[Mesa-dev] [PATCH 08/22] i965/gs: Allocate URB space for use by GS.
Paul Berry
stereotype441 at gmail.com
Thu Aug 29 08:21:19 PDT 2013
On 28 August 2013 21:00, Kenneth Graunke <kenneth at whitecape.org> wrote:
> On 08/26/2013 03:12 PM, Paul Berry wrote:
>
>> Previously, we gave all of the URB space (other than the small amount
>> that is used for push constants) to the vertex shader. However, when
>> a geometry shader is active, we need to divide it up between the
>> vertex and geometry shaders.
>>
>> The size of the URB entries for the vertex and geometry shaders can
>> vary dramatically from one shader to the next. So it doesn't make
>> sense to simply split the available space in two. In particular:
>>
>> - On Ivy Bridge GT1, this would not leave enough space for the worst
>> case geometry shader, which requires 64k of URB space.
>>
>> - Due to hardware-imposed limits on the maximum number of URB entries,
>> sometimes a given shader stage will only be capable of using a small
>> amount of URB space. When this happens, it may make sense to
>> allocate substantially less than half of the available space to that
>> stage.
>>
>> Our algorithm for dividing space between the two stages is to first
>> compute (a) the minimum amount of URB space that each stage needs in
>> order to function properly, and (b) the amount of additional URB space
>> that each stage "wants" (i.e. that it would be capable of making use
>> of).

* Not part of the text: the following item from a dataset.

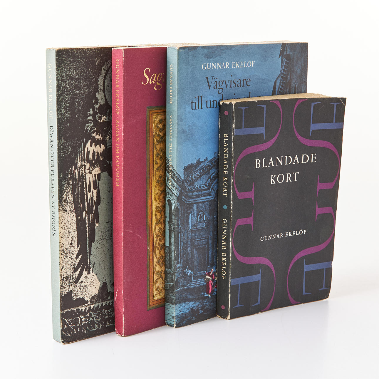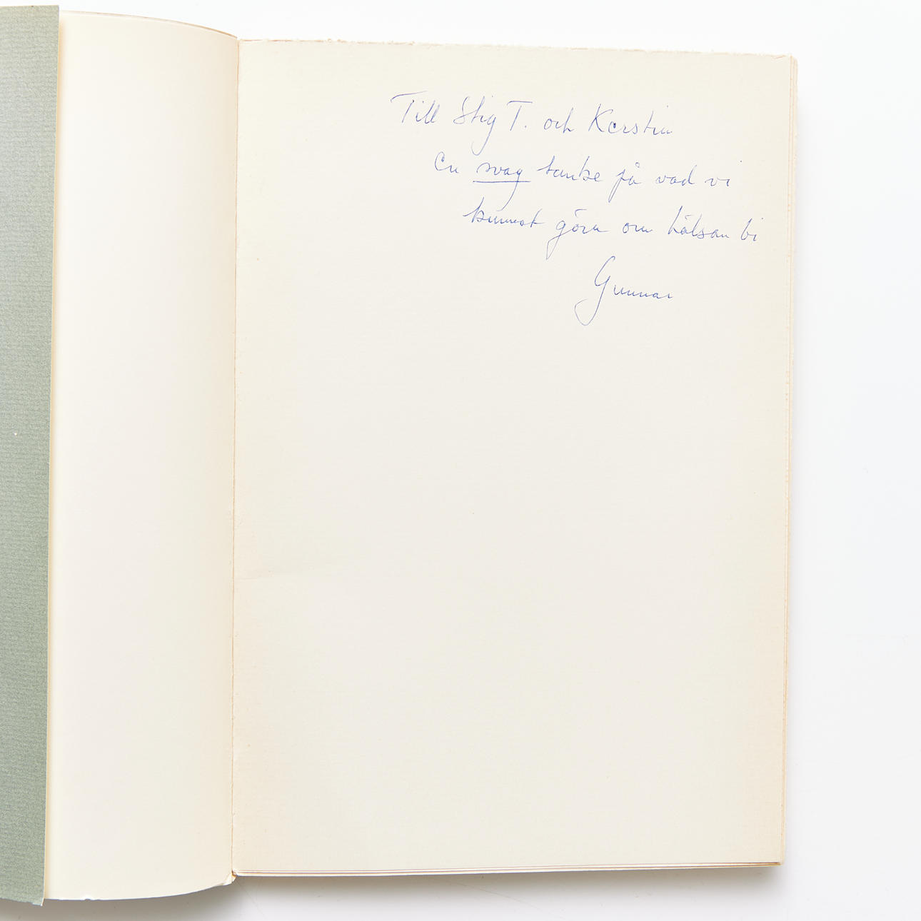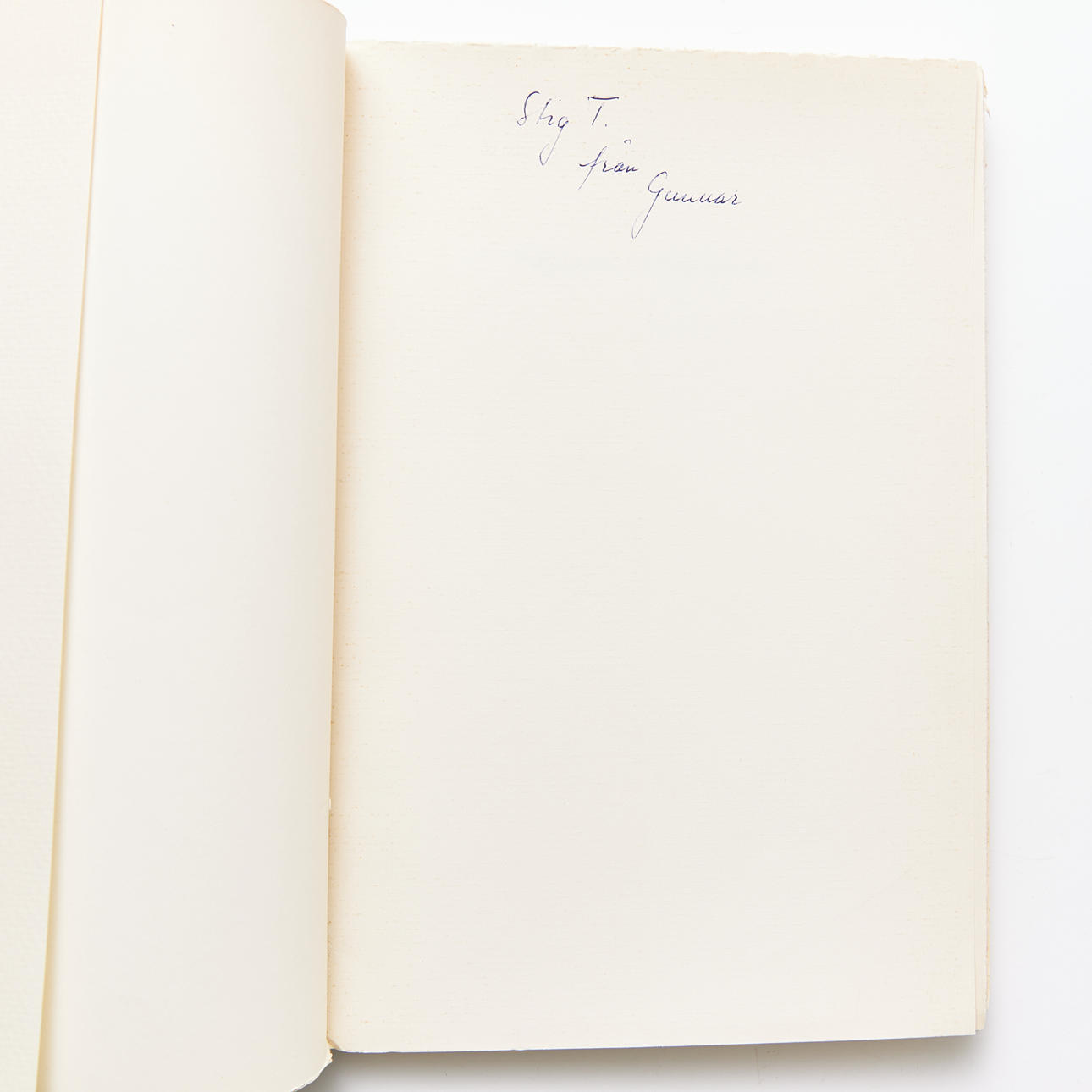 Uncut in original cover. With dedication on the cover: “To Stig T. and Kerstin a faint thought on what we could do about health bee. Gunnar”. First edition. With several dedications to Stig T, all first editions. 4 volumes.
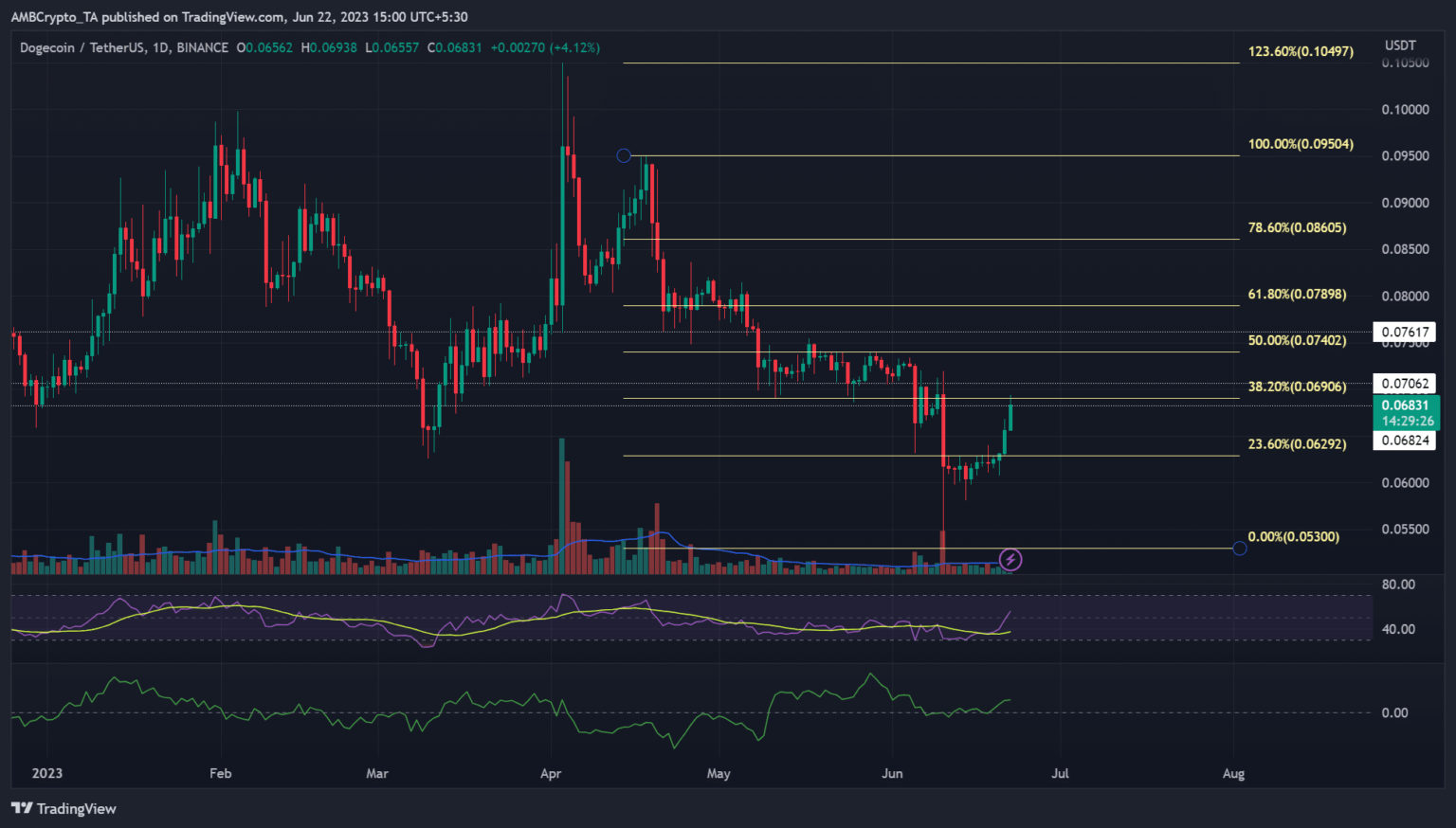 Memecoins then experienced a remarkable recovery From Bitcoin [BTC] foray into the $30k zone. Dogecoin [DOGE], a tier-1 meme coin, is up more than 9% in the past seven days, according to CoinMarketCap. It zoomed past the March low of $0.065, but bulls had to clear the 38.20% Fib level of $0.06906 to get more leverage.

If the total amount of space available is not enough to satisfy
>> needs + wants, then each stage's "wants" amount is scaled back by the
>> same factor in order to fit.
>>
>> When only a vertex shader is active, this algorithm produces
>> equivalent results to the old algorithm (if the vertex shader stage
>> can make use of all the available URB space, we assign all the space
>> to it; if it can't, we let it use as much as it can).
>>
>> In the future, when we need to support tessellation control and
>> tessellation evaluation pipeline stages, it should be straightforward
>> to expand this algorithm to cover them.
>>
>> v2: Use "unsigned" rather than "GLuint".
>> ---
>> src/mesa/drivers/dri/i965/brw_**context.h | 6 +-
>> src/mesa/drivers/dri/i965/**gen7_blorp.cpp | 16 ++--
>> src/mesa/drivers/dri/i965/**gen7_urb.c | 155
>> +++++++++++++++++++++++++-----**-
>> 3 files changed, 142 insertions(+), 35 deletions(-)
>>
>> diff --git a/src/mesa/drivers/dri/i965/**brw_context.h
>> b/src/mesa/drivers/dri/i965/**brw_context.h
>> index be5175f..77f2a6b 100644
>> --- a/src/mesa/drivers/dri/i965/**brw_context.h
>> +++ b/src/mesa/drivers/dri/i965/**brw_context.h
>> @@ -1511,8 +1511,10 @@ void
>> gen7_allocate_push_constants(**struct brw_context *brw);
>>
>> void
>> -gen7_emit_urb_state(struct brw_context *brw, GLuint nr_vs_entries,
>> - GLuint vs_size, GLuint vs_start);
>> +gen7_emit_urb_state(struct brw_context *brw,
>> + unsigned nr_vs_entries, unsigned vs_size,
>> + unsigned vs_start, unsigned nr_gs_entries,
>> + unsigned gs_size, unsigned gs_start);
>>
>>
>>
>> diff --git a/src/mesa/drivers/dri/i965/**gen7_blorp.cpp
>> b/src/mesa/drivers/dri/i965/**gen7_blorp.cpp
>> index a387836..6c798b1 100644
>> --- a/src/mesa/drivers/dri/i965/**gen7_blorp.cpp
>> +++ b/src/mesa/drivers/dri/i965/**gen7_blorp.cpp
>> @@ -51,14 +51,16 @@ static void
>> gen7_blorp_emit_urb_config(**struct brw_context *brw,
>> const brw_blorp_params *params)
>> {
>> - /* The minimum valid value is 32. See 3DSTATE_URB_VS,
>> - * Dword 1.15:0 "VS Number of URB Entries".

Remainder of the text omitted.